• [Aim of the task]: Return only the lines below starting at the line containing "- The median" and ending at the line containing "- Фільтр: високоміцний", both included, exactly as they are and with no pictures.

• [Given entries]:

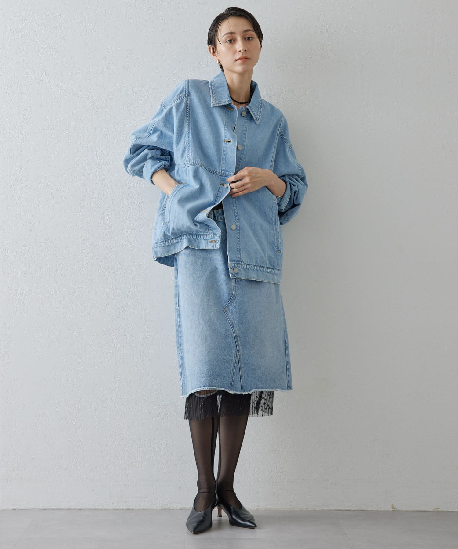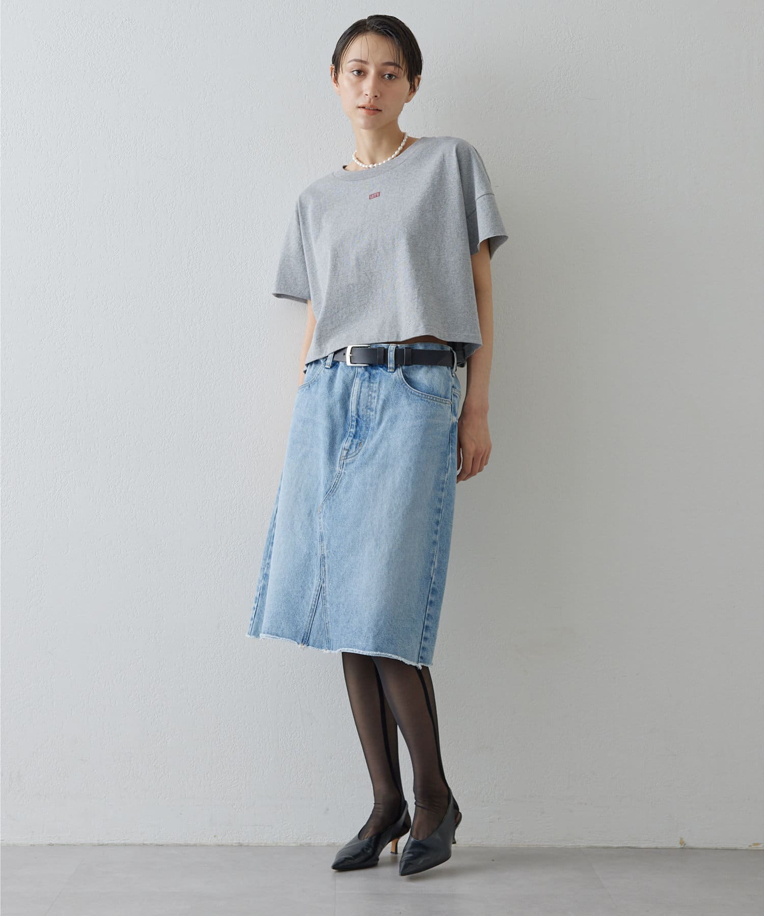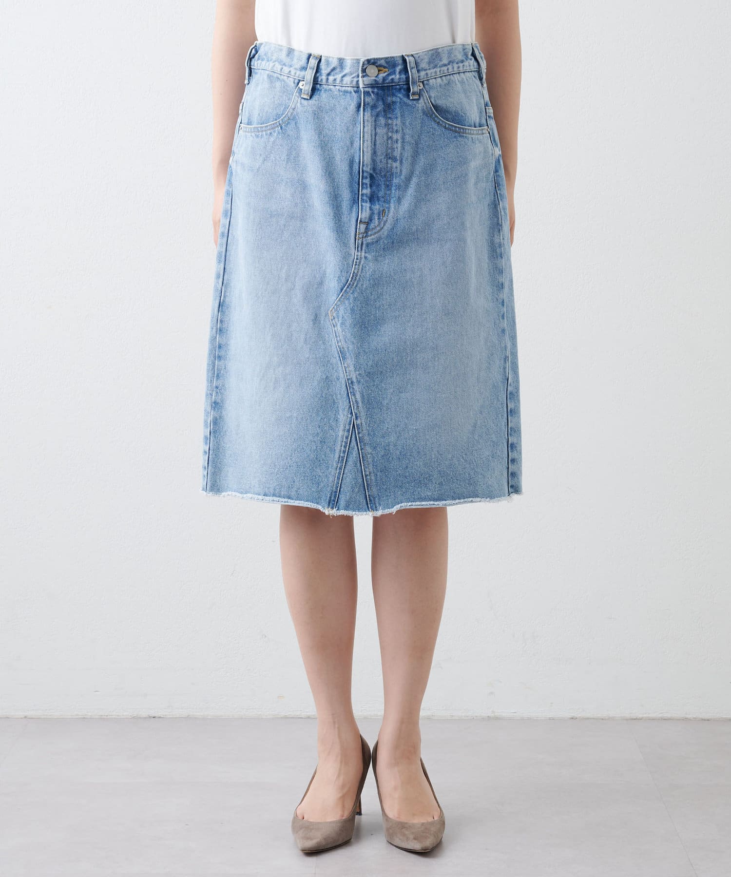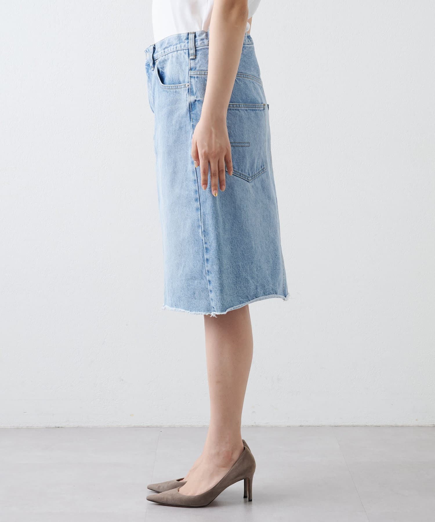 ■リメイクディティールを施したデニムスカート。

* * *

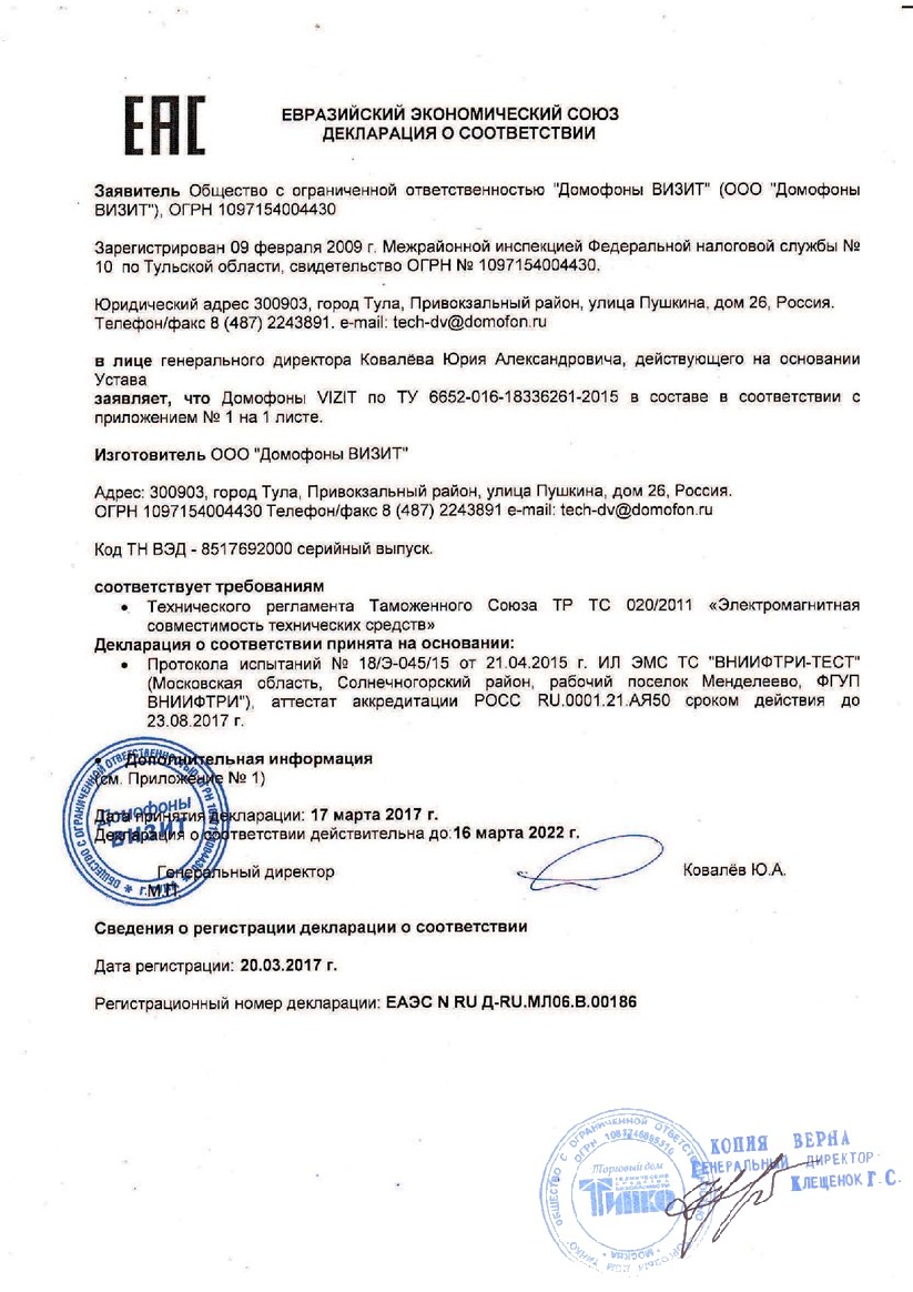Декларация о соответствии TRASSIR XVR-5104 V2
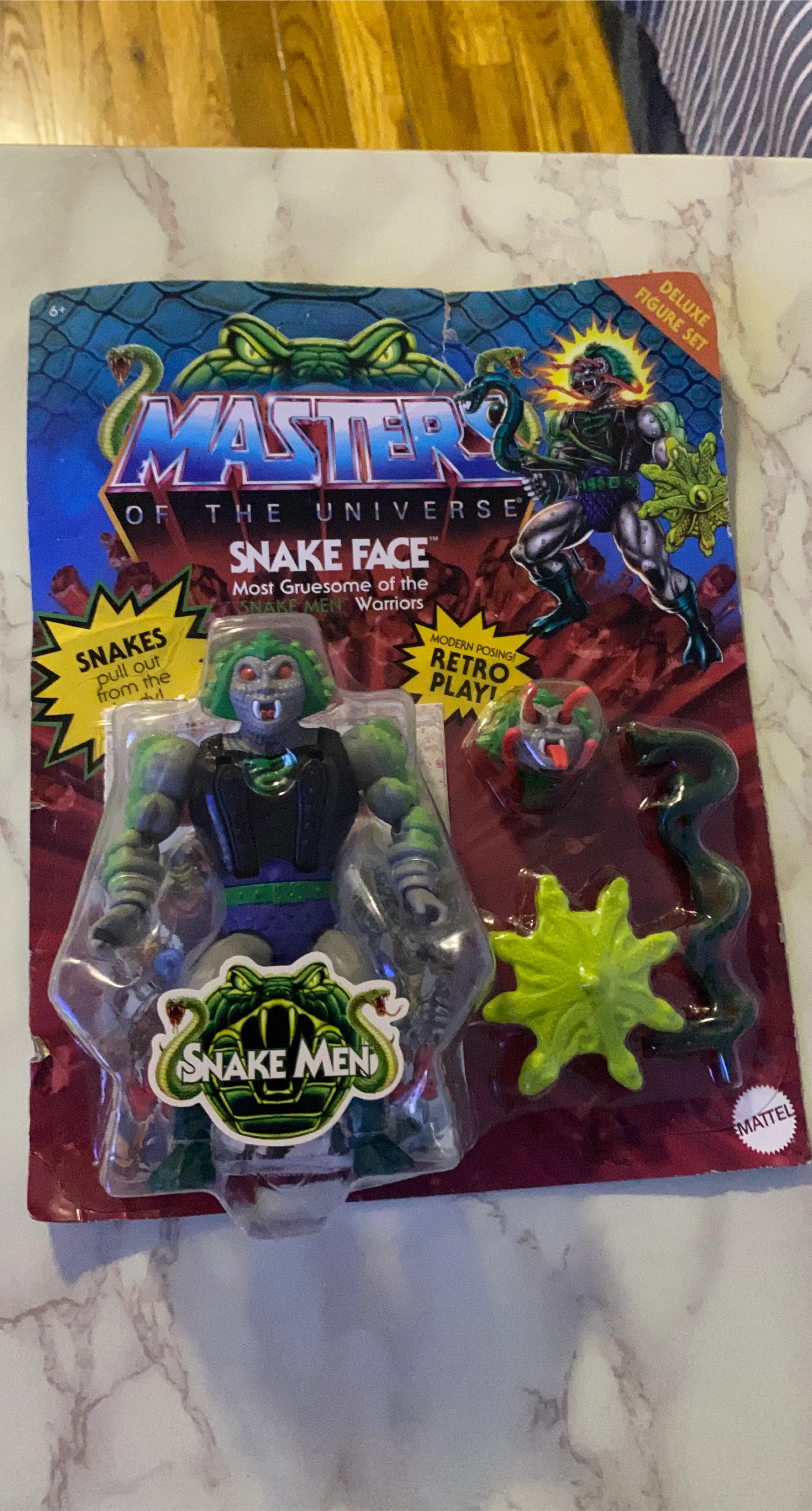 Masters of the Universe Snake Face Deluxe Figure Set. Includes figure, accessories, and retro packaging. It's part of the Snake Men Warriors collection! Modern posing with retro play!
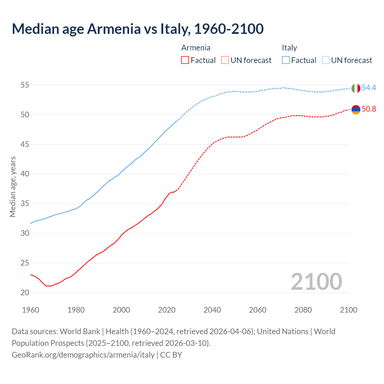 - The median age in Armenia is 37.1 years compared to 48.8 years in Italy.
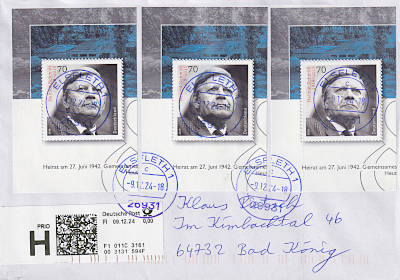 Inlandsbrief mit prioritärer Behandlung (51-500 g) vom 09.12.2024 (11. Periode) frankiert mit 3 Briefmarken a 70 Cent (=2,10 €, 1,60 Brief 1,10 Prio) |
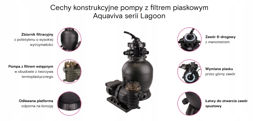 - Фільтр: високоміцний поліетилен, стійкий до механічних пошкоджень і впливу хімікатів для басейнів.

• [Exercise answer]:
 - The median age in Armenia is 37.1 years compared to 48.8 years in Italy.
 Inlandsbrief mit prioritärer Behandlung (51-500 g) vom 09.12.2024 (11. Periode) frankiert mit 3 Briefmarken a 70 Cent (=2,10 €, 1,60 Brief 1,10 Prio) |
 - Фільтр: високоміцний поліетилен, стійкий до механічних пошкоджень і впливу хімікатів для басейнів.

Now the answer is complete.